Some time ago the Java community identified the need for some standards in this area, and I couldn't agree more. The approach taken by the Java folks was to define an API, now enshrined in a standard, the JSR 170. There is even a CPAN module for perlites wanting to access the API, and a strong reference implementation (Apache Jackrabbit). Several commercial vendors sell JSR 170 implementations, and there's a dynamic community involved in the next revision of the spec. A number of open-source projects have layered JSR 170 compliant interfaces over their existing content repositories.
After playing with Jackrabbit for a while I found myself asking, why is it so darned complicated? The reference implementation is very heavy, but it has to be honest to the spec. The API is defined in two levels, effectively "read only repository" and "read-wite repository". Level 1 is extremely rich with features. To me it looks very much like an API designed by committee, where no-one got their idea voted down. Having said that, it's really an excellent API. So, how about picking apart the API and seeing what parts an implementation really needs to provide? I'm not proposing anything more than a complementary API that is:
Able to leverage all the wonderful work the java folks have done,
Language agnostic (not tied to Java, or any other specific language),
Simpler – a subset of JSR 170,
More amenable to implementation using commonly available tools and libraries,
Much less tied to XML/XPath
So, I have embarked on this voyage of discovery. I have an initial implemention of a content repository coded using perl, which leverages CPAN heavily. I've tried to stay true to the JSR 170 definition, except where language specifics dictate otherwise (e.g. Java uses method signatures that are not available in other languages). The goal is to produce a reference implementation of this cut-down API (working name WCR).

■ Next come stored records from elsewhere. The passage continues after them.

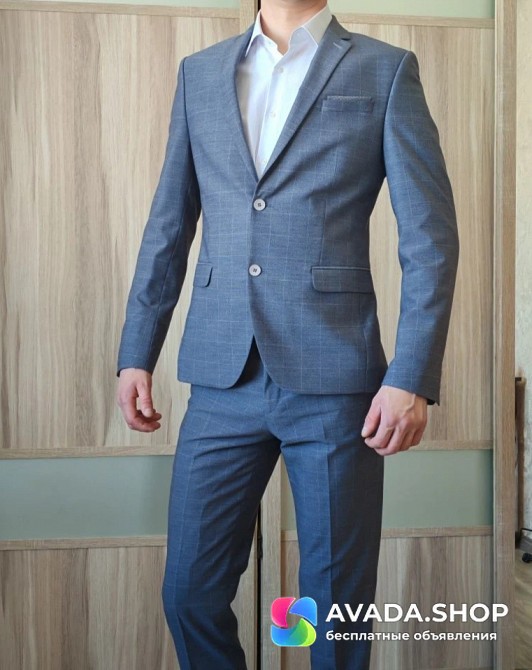 Стильный, фирменный костюм клетка. с ним в комплекте две рубашки и галстук в подарок.
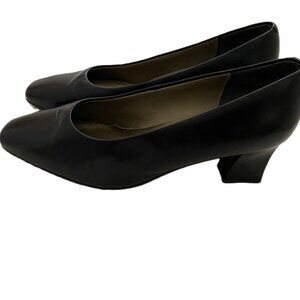 Step out in timeless elegance with these Caressa East genuine leather women's pump heels. Featuring a sophisticated wide heel & a stylish square toe design, these pumps offer both comfort & fashion-forward appeal. The black color complements a variety of outfits, making them a versatile addition to any wardrobe. Perfect for work, special occasions, or everyday chic styling. Size 7 ½” W. Heel Size: Height is 2 ½”; Width: 1”; Depth: 1 ¼”. Condition is ‘Pre-owned’.
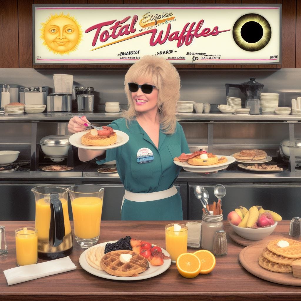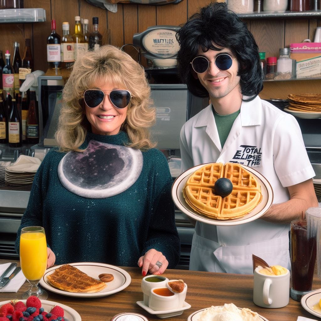 Turn around. Every now and then I ask “Create an image of Bonnie Tyler serving breakfast in a diner called ‘Total Eclipse of the Waffles.’”
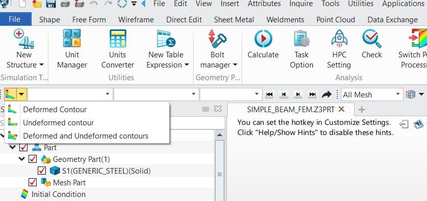 I have another question regarding static analysis using the finite element method (FEM). After calculating my task, the graphical result is displayed. And then two shapes - 1. deformed with color graphical analysis, 2. original part (undeformed).
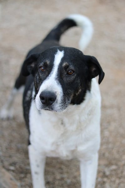 Ancho besitzt ein hübsches weißes Fell mit einer schwarz-braunen Musterung. Besonders niedlich ist seine weiße Schnauze mit der tollen Fellzeichnung am Kopf. Insgesamt ist der Rüde optisch ein richtiger Blickfang und Hingucker. Gegenüber unseren Helfern zeigt sich Ancho menschenbezogen und freundlich, sowie verträglich mit anderen Hündinnen - bei Rüden entscheidet die Sympathie bzgl. der Verträglichkeit. Ancho genießt Streicheleinheiten und die Nähe zum Menschen, wovon er im Tierheim leider nicht so viel bekommen kann, da dafür die Zeit fehlt. Seine neuen Lieblingsmenschen sollten Freude am gemeinsamen Training mitbringen, damit sich ein gutes Mensch-Hund-Team entwickeln kann. In seinem neuen Zuhause sollte ein ausbruchsicher eingezäunter Garten mit direktem Zugang zum Üben und Freilaufen vorhanden sein. Wenn Ancho Ihr Herzenshund werden soll, freuen wir uns auf Ihre Anfrage!
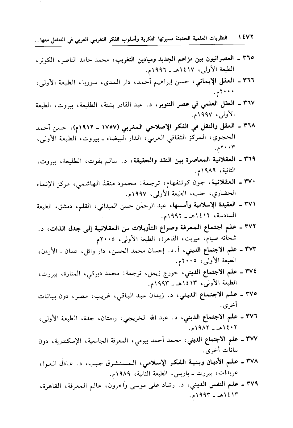 369 - العقلانية المعاصرة بين النقد والحقيقة، د. سالم يفوت، الطليعة، بيروت، الثانية، 1989 م.
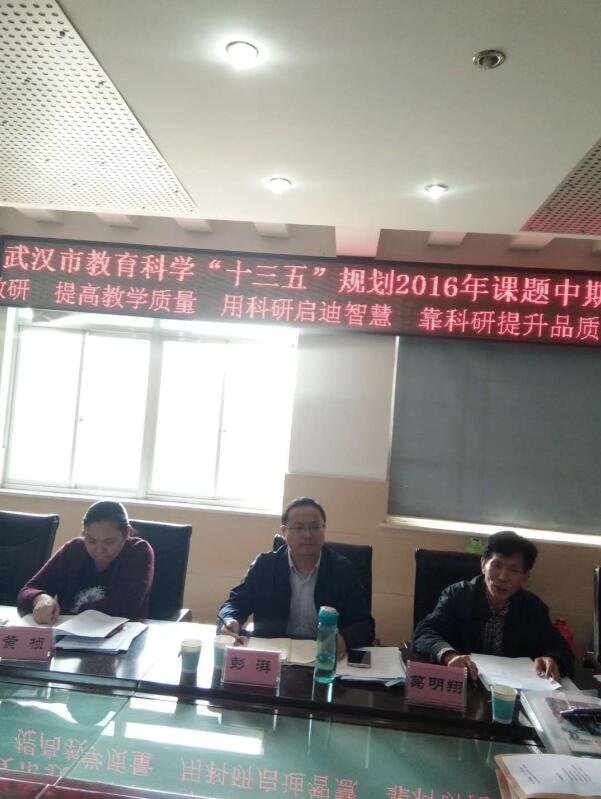 2018年3月27日,受武漢市教科規(guī)劃辦委托,武昌區(qū)教科規(guī)劃辦組織專家,對(duì)湖北大學(xué)附屬中學(xué)周鈺、王喜安、汪儒斌三位老師分別承擔(dān)的武漢市教育科學(xué)“十三五”規(guī)劃課題《高中生自主管理能力培養(yǎng)的策略研究》《高中地理少教多學(xué)模式深化研究》《高中歷史教學(xué)中史觀運(yùn)用能力培養(yǎng)的策略研究》進(jìn)行了中期檢查。

If we feel it's powerful enough, then we'll move on to a high performance implementation in a proper language, and a web interface. But the key is the API, not the implementation. The idea is that an application using WCR can use a standard JSR 170 implementation, assuming a compatible interface exists.
The resultant content repository won't be tied to any specific purpose. It's possible that the first application of it will be a wiki, though.